Sunday, November 1, 2015

J'onn J'onzz: The Secret Superhero from Space

DC Comics’ Martian Manhunter initially operated in secret for four years in the 1950s. A back-up feature for Batman, he was a super-police detective, “John Jones,” rather than a public superhero. His powers were exhaustive: telepathy, telekinesis, intangibility, shape shifting, super strength, super speed, super vision, super hearing, super breath and more.

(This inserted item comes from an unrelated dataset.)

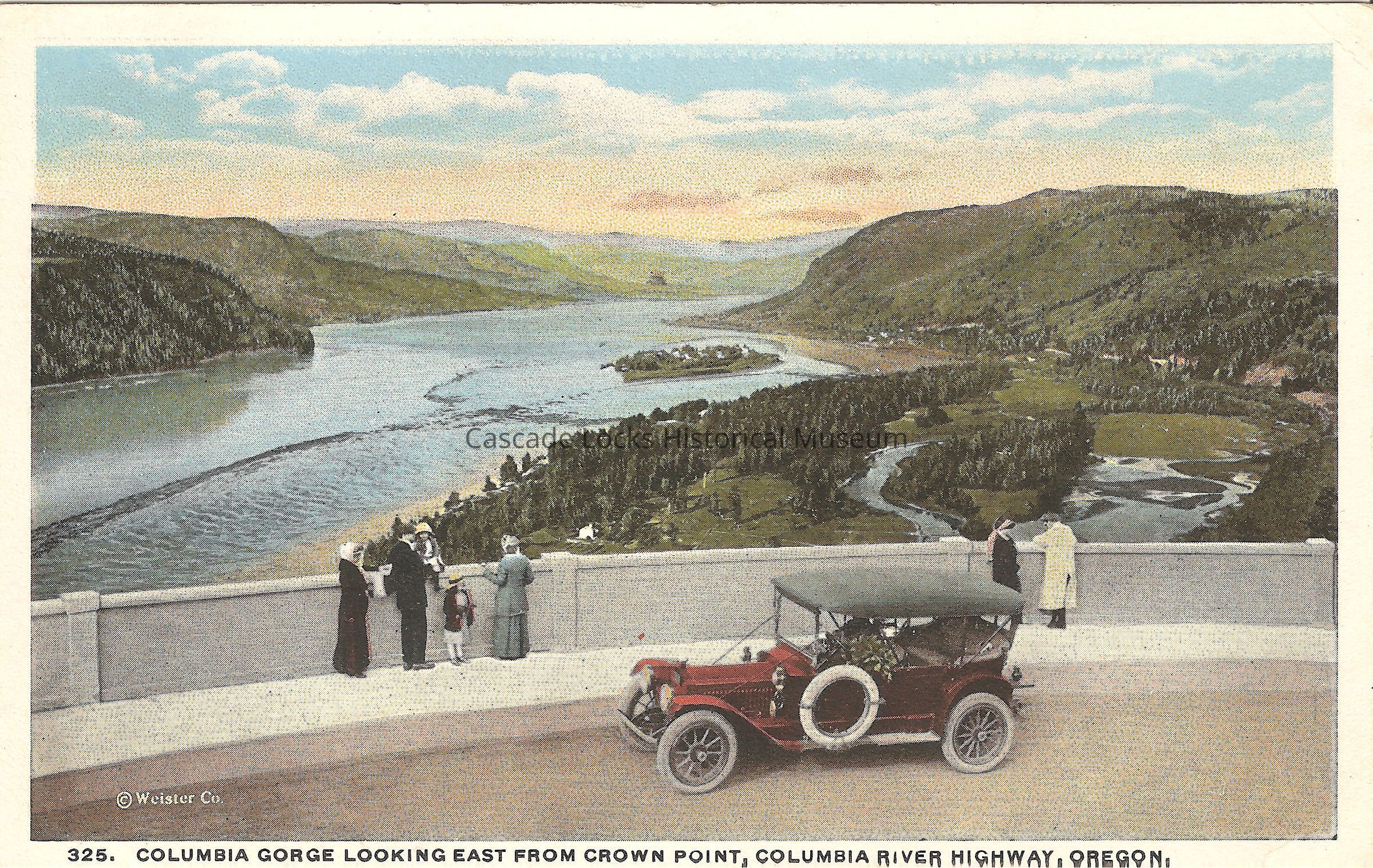 Postcard, photochrome image of Crown Point. There are people looking over the landscape and there is a car that looks similar to a Pierce Model 65 Great Arrow on the roadway. Base of image reads, "325. Columbia Gorge Looking East From Crown point, Columbia River Highway, Oregon. Weister Co."

But in a story by artist Joe Certa and writer Jack Miller in Detective Comics 273 (Nov. 1959), while in combat with the Martian menace B’rett, the extraterrestrial “J’onn J’onzz” was exposed to the public when he got a dose of a Martian anti-crime formula that prevented Martians from using their other super powers while invisible. I always presumed DC did that simply so he could become a founding member of the JLA as a public figure. After the Great Superhero Extinction of the late 1940s, DC might have had a little trouble putting a team together otherwise — especially since somebody decided that Superman and Batman should be downplayed on the team.